* What is needed: Restate the listing below word for word, and leave its pictures behind.

* The data:
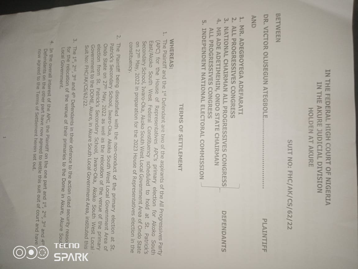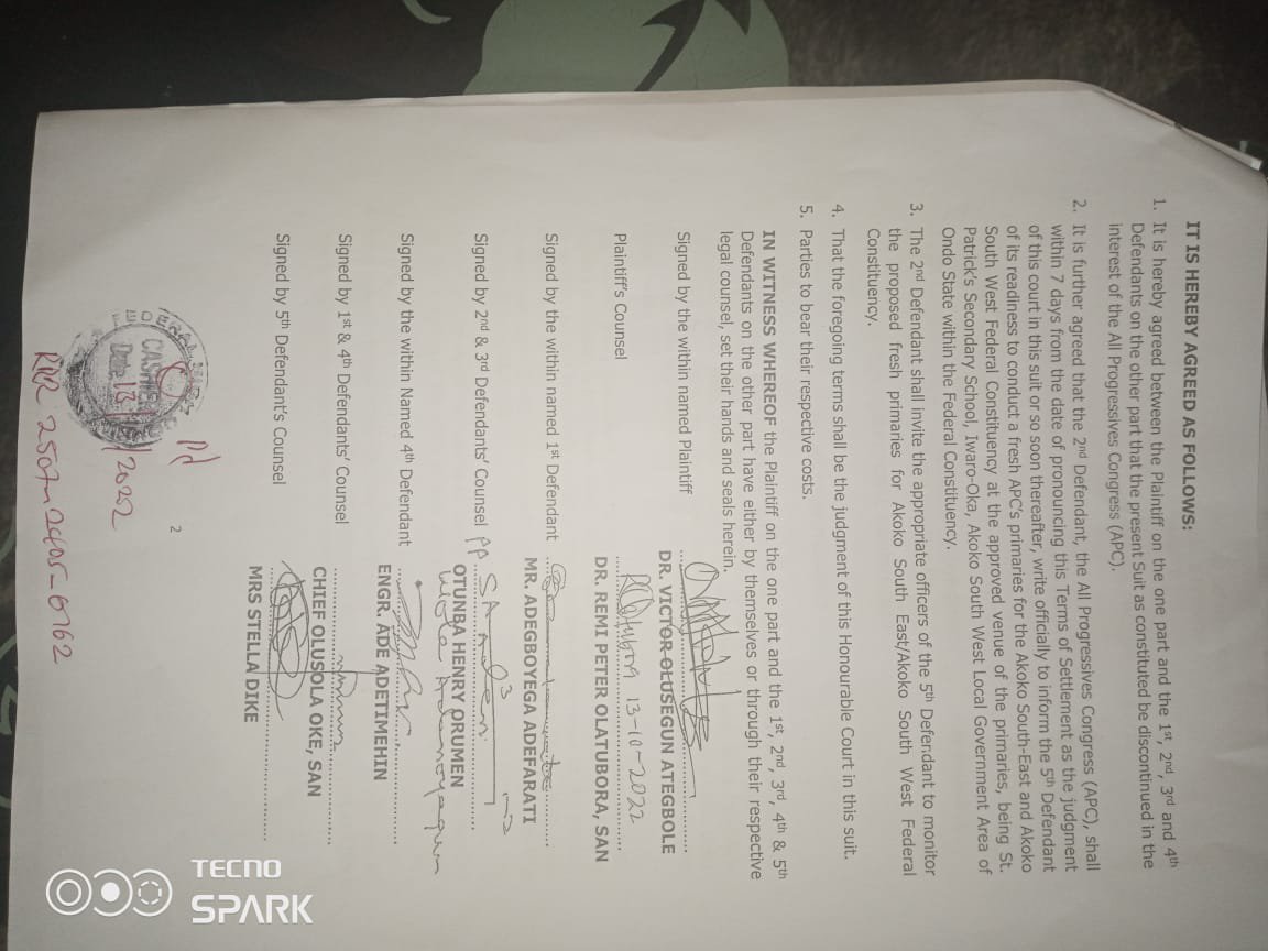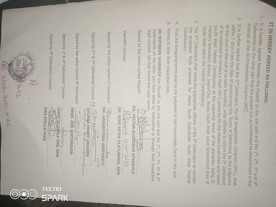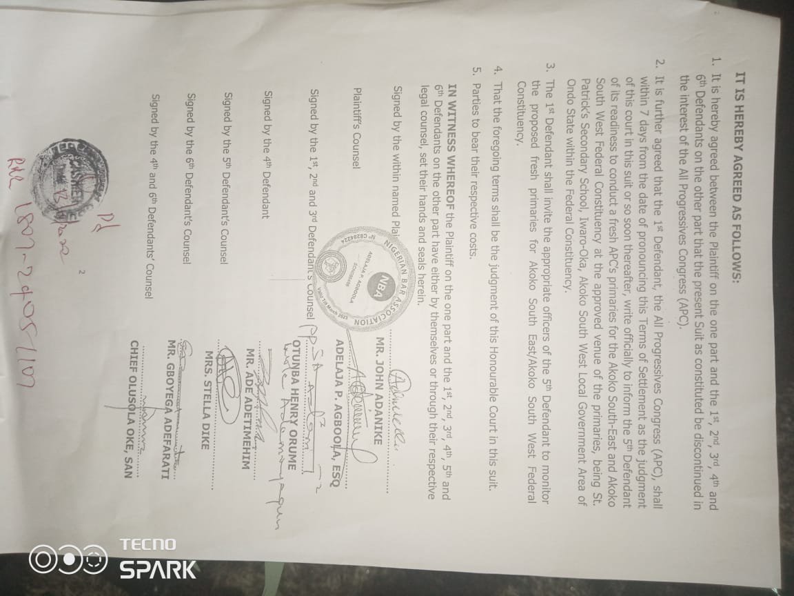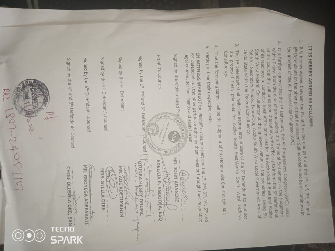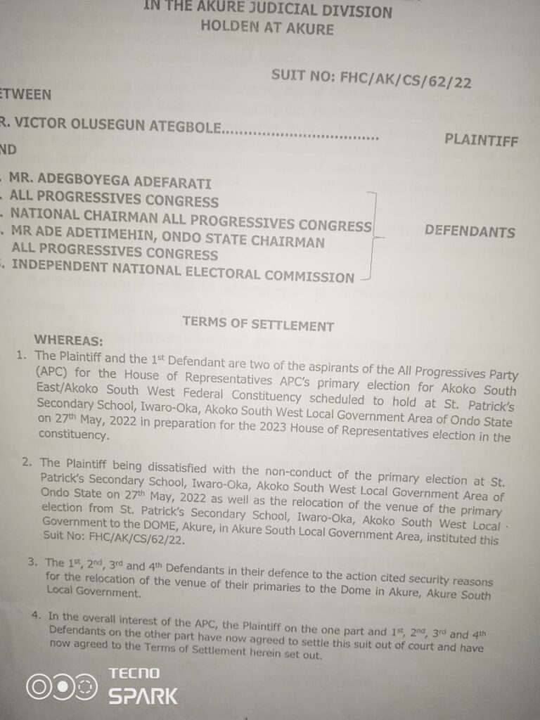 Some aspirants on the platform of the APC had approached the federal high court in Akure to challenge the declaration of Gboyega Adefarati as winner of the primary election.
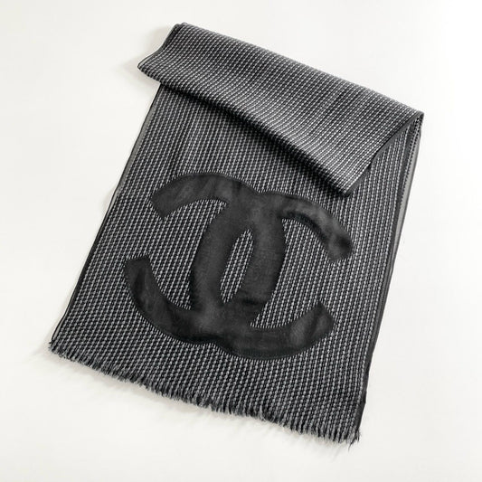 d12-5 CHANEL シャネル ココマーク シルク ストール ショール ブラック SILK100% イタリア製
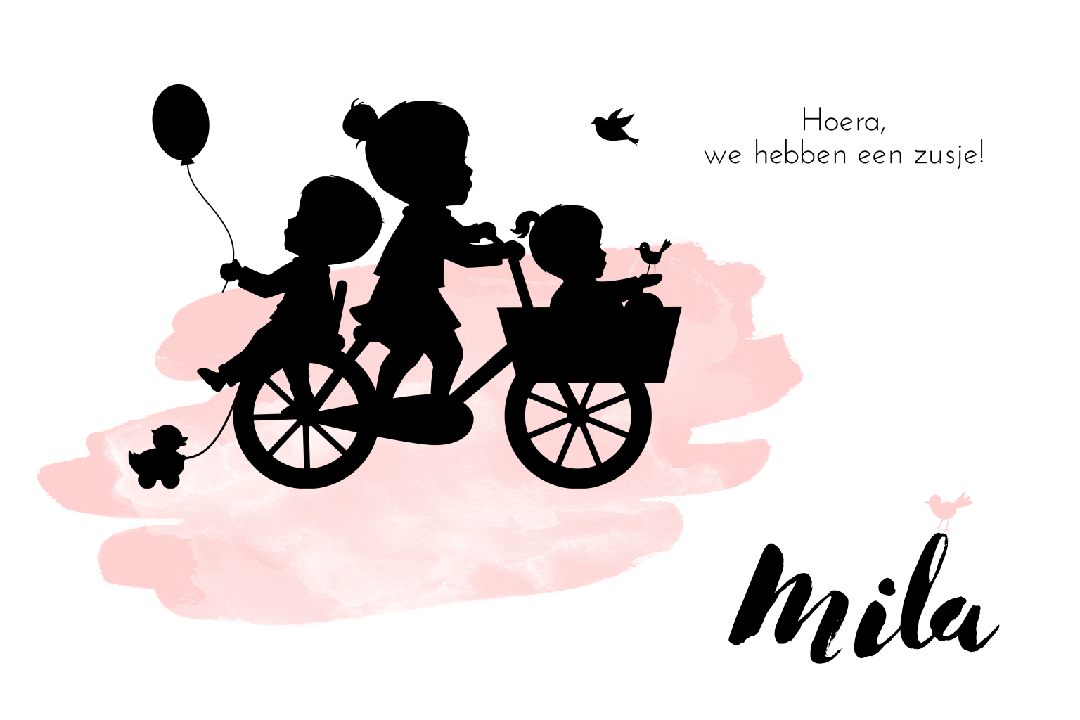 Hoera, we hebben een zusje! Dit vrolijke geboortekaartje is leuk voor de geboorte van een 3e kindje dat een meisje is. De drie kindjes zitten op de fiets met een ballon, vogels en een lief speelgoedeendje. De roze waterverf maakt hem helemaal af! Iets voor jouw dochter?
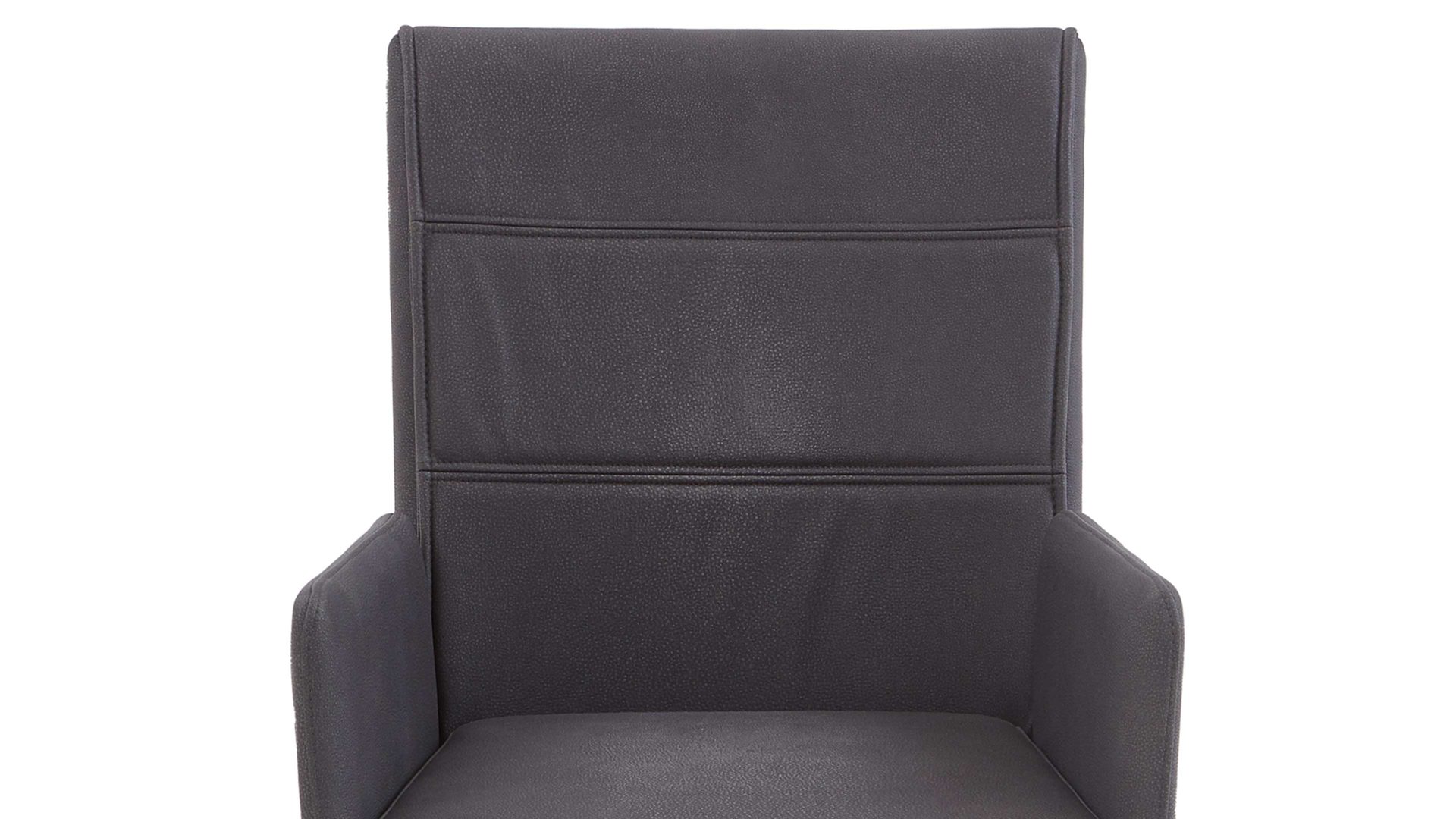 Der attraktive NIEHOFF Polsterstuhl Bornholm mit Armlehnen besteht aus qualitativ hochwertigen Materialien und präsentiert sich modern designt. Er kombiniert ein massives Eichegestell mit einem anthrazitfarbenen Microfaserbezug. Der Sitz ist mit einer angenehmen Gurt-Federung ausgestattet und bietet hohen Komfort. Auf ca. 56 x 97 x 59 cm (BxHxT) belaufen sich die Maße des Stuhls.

* Response:
 Some aspirants on the platform of the APC had approached the federal high court in Akure to challenge the declaration of Gboyega Adefarati as winner of the primary election.
 d12-5 CHANEL シャネル ココマーク シルク ストール ショール ブラック SILK100% イタリア製
 Hoera, we hebben een zusje! Dit vrolijke geboortekaartje is leuk voor de geboorte van een 3e kindje dat een meisje is. De drie kindjes zitten op de fiets met een ballon, vogels en een lief speelgoedeendje. De roze waterverf maakt hem helemaal af! Iets voor jouw dochter?
 Der attraktive NIEHOFF Polsterstuhl Bornholm mit Armlehnen besteht aus qualitativ hochwertigen Materialien und präsentiert sich modern designt. Er kombiniert ein massives Eichegestell mit einem anthrazitfarbenen Microfaserbezug. Der Sitz ist mit einer angenehmen Gurt-Federung ausgestattet und bietet hohen Komfort. Auf ca. 56 x 97 x 59 cm (BxHxT) belaufen sich die Maße des Stuhls.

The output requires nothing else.